Comparative Examples 2 to 4 In Comparative Examples 2 to 4 in Table 3 below, test plates were prepared by a coating method outside the scope of the present invention. All of them had a problem in chipping resistance and were not practical.

Comparative Examples 5 to 9 Comparative Examples 5 to 9 in Table 3 below are examples in which a test plate was prepared using a composition outside the scope of the present invention. Table 1 shows the composition of the chipping-resistant coating film. All of them had a problem in chipping resistance and were not practical.

Various tests were carried out under the following test conditions.

(1) Appearance The coated film after overcoating is visually observed to check for defects such as sagging, armpits, pinholes, and uneven gloss.

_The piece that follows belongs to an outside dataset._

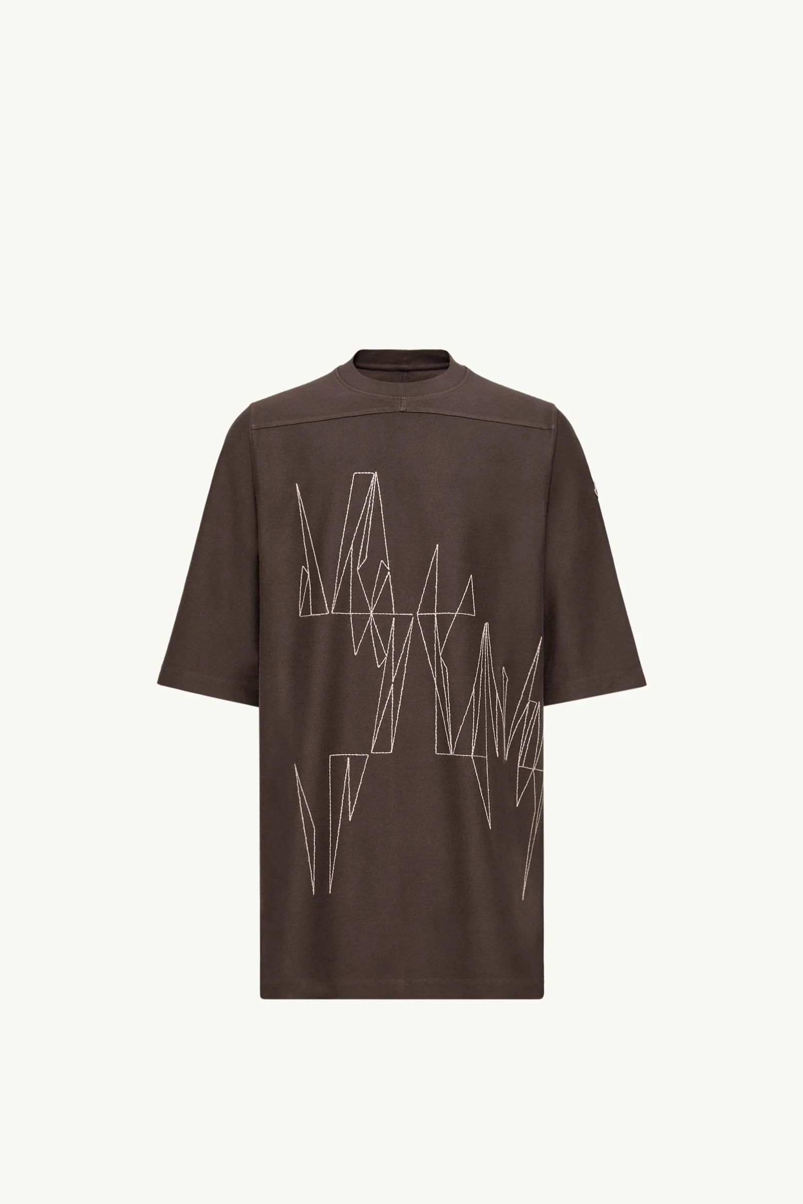 Translating the architectural rhythm of the metropolis, this cotton t-shirt for men and women is defined by a dynamic motif. Speaking to the intricate designs seen throughout the Moncler + Rick Owens collection, this crew neck t-shirt boasts a geometric stitching pattern. Presented in an oversized silhouette, the short sleeve design is crafted from cotton jersey. DETAILS - Crafted from cotton jersey - Crew neck - Short sleeves - Embroidered logo SIZE AND FIT - The male model is wearing a size L and is 188 cm tall - The female model is wearing a size XS and is 180 cm tall - Loose fit COMPOSITION BASE FABRIC: 100% Cotton; Ribs: 95% Cotton, 5% Elastane / Spandex Product code L109N8C0000489B7R256 Made in Turkey

(2) Chipping resistance A stepping stone tester (Suga Test Machine Co., Ltd., model JA-400) is used. A painted test plate is attached to the holder of the test machine at an angle of 20 ° from the horizontal, and 500 g of basalt No. 7 crushed stone is jetted at an air pressure of 4 kg / cm ² at the pressure of the test machine to collide. Thereafter, the test plate was washed with water and dried, and the coating film lifted up by chipping was removed with an adhesive tape, and then the degree of peeling damage was evaluated (◎ best; ○ good; △ poor; × poor).

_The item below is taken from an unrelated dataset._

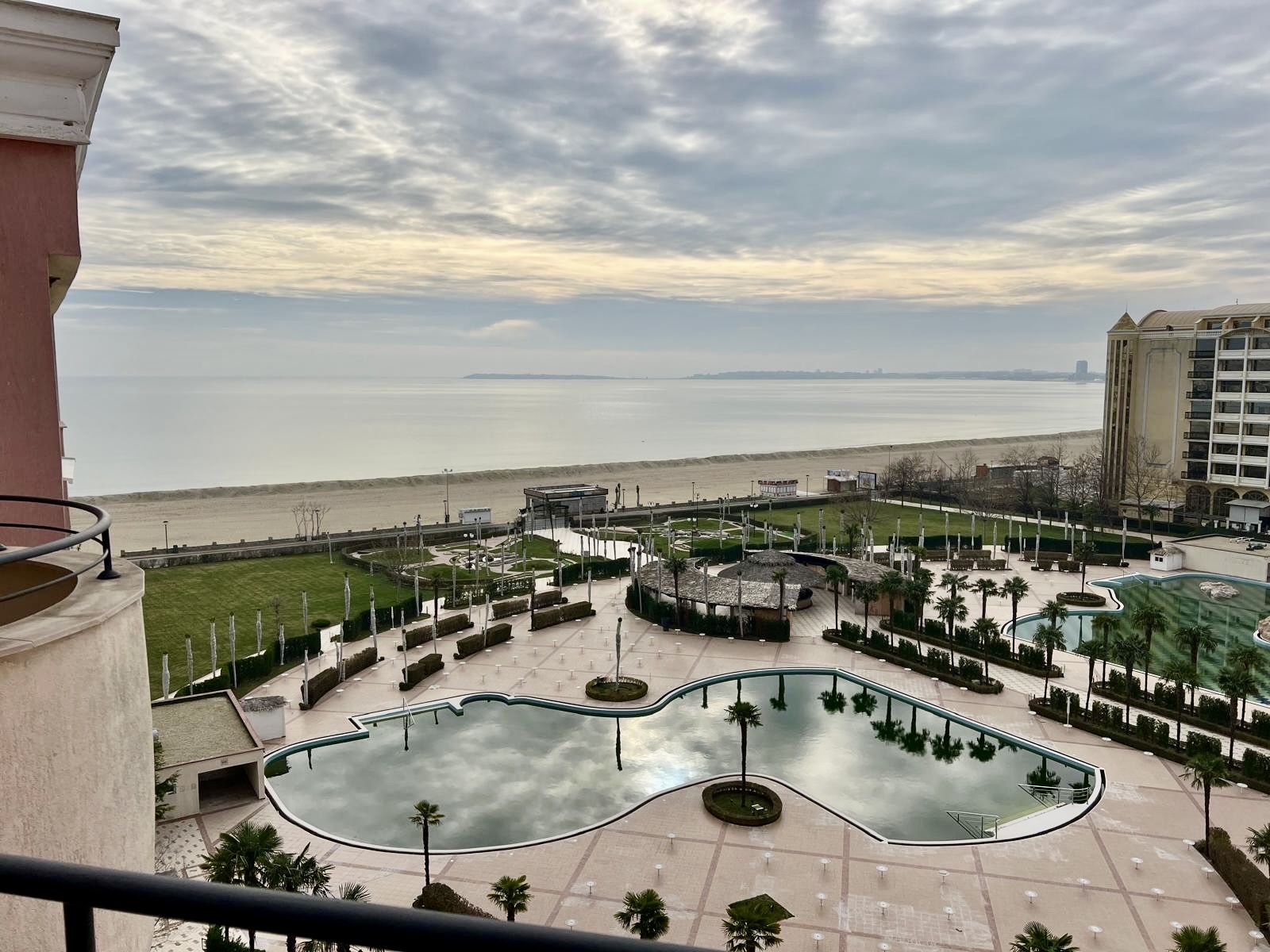 Предлагаме за продажба просторен обзаведен двустаен апартамент с прекрасна гледка към морето в луксозния комплекс Маджестик Бийч Резорт , намиращ се на първа линия на морския бряг. Апартаментът е с обща площ от 100 кв.м. и е разположен е на осми жилищен етаж в десет етажна сграда с асансьор. Състои се от просторна дневна с кухненски бокс и кът за хранене, зона за отдих, спалня, коридор, баня с вана и тоалетна, просторна тераса с прекрасна гледка към морето. Апартаментът се продава напълно обзаведен и оборудван. Хотел Маджестик Бийч Резорт е луксозен и модерен комплекс, разположен на първа линия, в северната част на к.к. Слънчев бряг. Разполага с 4 ресторанта, 4 бара, 3 басейна, спа център, фитнес център, мини голф, бизнес център, игрална зала, паркова зона, паркинг, два игрища за футбол и баскетбол. Отлична инвестиция! Управляваща компания поема ангажимент за менажиране и отдаване на апартаментите под наем. Акт 16 и Разрешение за ползване. Годишна такса 12 евро на кв.м

(3) Water resistance The test plate was immersed in warm ion-exchanged water at 40 ° C. for 240 hours.
Immediately after the removal, the water droplets are wiped off, the appearance is checked for abnormalities, and 100 cross hatches having a width of 2 mm are cut with a cutter knife, and a peeling test is performed using an adhesive tape. A case where there was no peeling and all 100 grids remained remained as a pass.

[0048]

[Table 1]

[0049]

[Table 2]

[0050]

[Table 3]

[0051]

According to the present invention, 25 which has been conventionally difficult.
It is possible to obtain a coating of a steel sheet on the outside of a vehicle body having a low film thickness of μm to 50 μm and having good chipping resistance.

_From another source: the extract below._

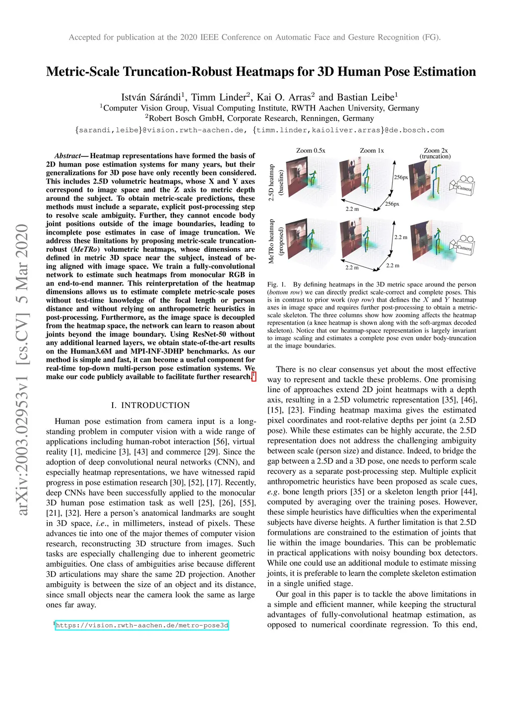 Metric-Scale Truncation-Robust Heatmaps for 3D Human Pose Estimation

──────────────────────────────────────────────────の Continued on the front page (51) Int.Cl. ⁷ Identification symbol FI B05D 7/24 302 B05D 7/24 302U 302V C09D 175/04 C09D 175/04 175/06 175/06 (72) Inventor Yasuo Sumitomo 6-10-73 Minamitsukaguchi-cho, Amagasaki City, Hyogo Prefecture, Japan Shinto Paint Co., Ltd. (72) Inventor Fumitaka Nakayama 6-10-73 Minamitsukaguchi-cho, Amagasaki City, Hyogo Prefecture, Japan Shinto Paint Co., Ltd. (56) References JP-A-59-160572 (JP, A) JP-A-62-65773 (JP, A) JP-A-62-45381 (JP, A) (58) Fields investigated (Int. Cl. ⁷ , DB name) B05D 1/36 C09D 175/04 C09D 175/06

Claims (1)

(57) [Claims] 1. A coating method in which an electrodeposition coating, an anti-chipping coating, an intermediate coating, and a top coating are repeatedly applied to an outer panel of an automobile body. (1) The anti-chipping coating comprises: (A) an epoxy resin having a hydroxyl group Resin solid content of 10
A hydroxyl group-containing, number-average molecular weight of 5 obtained by reacting 10 to 70 parts by weight of a cyclic ester with 0 part by weight
(B) a hydroxyl group-containing epoxy resin having a number average molecular weight of 400 to 100
0 of the polyester polyol resin and (C) the polyisocyanate compound in which the isocyanate group is blocked, with respect to 1 equivalent of the hydroxyl group of the component (A) and the equivalent of the hydroxyl group of the component (B), the isocyanate group of the component (C) is from 0.5 to A coating composition blended at a ratio of 2.0 equivalents, wherein the glass transition temperature of a cured coating film of the composition is −
20 ° C. to 0 ° C., and the elongation is 1 at a temperature of 20 ° C.
0 to 100%, 1 to 50% at a temperature of −20 ° C., and a tensile strength of 400 to 700 kgf at a temperature of 20 ° C.
/ Cm ² , wherein the chipping-resistant coating is applied in a dry film thickness of 25 to 150 μm, and then dried so that the coating film gel fraction of the chipping-resistant coating is in a range of 70 to 100%. And then applying an intermediate coating.